That is what it seems. It seems they are looking for any excuse here. This is not the way they would operate if the goal were reducing crime. This is not the way that they would operate if their goal was immigration enforcement. I mean, [Barack] Obama, as you know, under the Obama administration, there’s a substantial number of people that were deported and not anything, not like this. This is political. It is done seemingly with the intent to sow discord and stoke fear and cause chaos. And importantly, we can’t take the bait. I am very optimistic that our whole city, our community members recognize that we have a very important role to play. We’ve got to meet the magnitude of this moment, meeting that hate with a whole lot of love, meeting that fear with a whole lot of hope. Recognizing that we care about our immigrant neighbors and an occupying force that is excused by something going wrong here is exactly what they want. It’s exactly what the Feds want. And so we can’t take the bait. And that has been a message that I’m delivering. It’s been a message that our community members are delivering. In other words, peace. We’ve got to stay peaceful here.

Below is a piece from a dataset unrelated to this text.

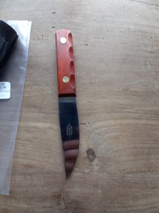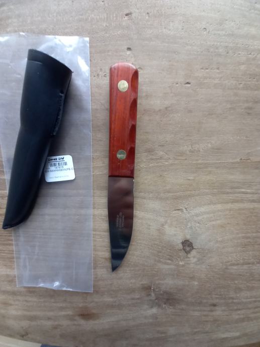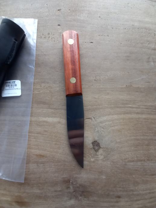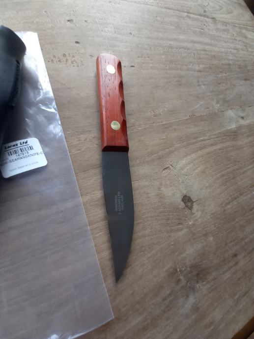 The John Nowill Seamans knife is simplicity itself. No whistles and bells just a piece of British carbon steel, two hardwood handle scales and a black leather belt sheath make up an unpretentious, use for anything and anywhere utility knife.

This killing evoked memories of another very high-profile killing in the city, George Floyd in 2020, which happened about a mile away. The response to that murder, which included riots, was pretty disastrous for Minneapolis. Do you fear a similar tinderbox situation here?
It’s a very different situation. Of course, I have deep concerns. And at the same time, Minneapolis is resilient, we’re strong, and we also learn from experience, and we improve. Just speaking about me personally, I am not the same mayor that I was in April of 2020. I have learned, I have gained experience that has made me a better mayor and a better leader, and I use those experiences every single day, especially during a time of crisis like this. And I know that our community, our city, is rising to the challenge here. We may get knocked down seven times, but we get back up eight. And like I said, we don’t work with ICE, we do work with our community members.
Do you worry about the abilities of Democrats to push back against the excesses of the Trump administration?
Yeah, of course. We’ve got to show that Democratic run cities can work. If you go back, you were just talking about 2020. If you go back to those late days of May and early days of June in 2020, there was a very viral video of me getting booed and shamed out of a protest that was taking place outside my home, where I was asked to commit to defunding the police. And I said, no. That moment didn’t tickle. I mean, I was spat on, I had things thrown at me. In that moment, I thought maybe my political career was over, but it is a moment that I’m very proud of because it was the right thing to do.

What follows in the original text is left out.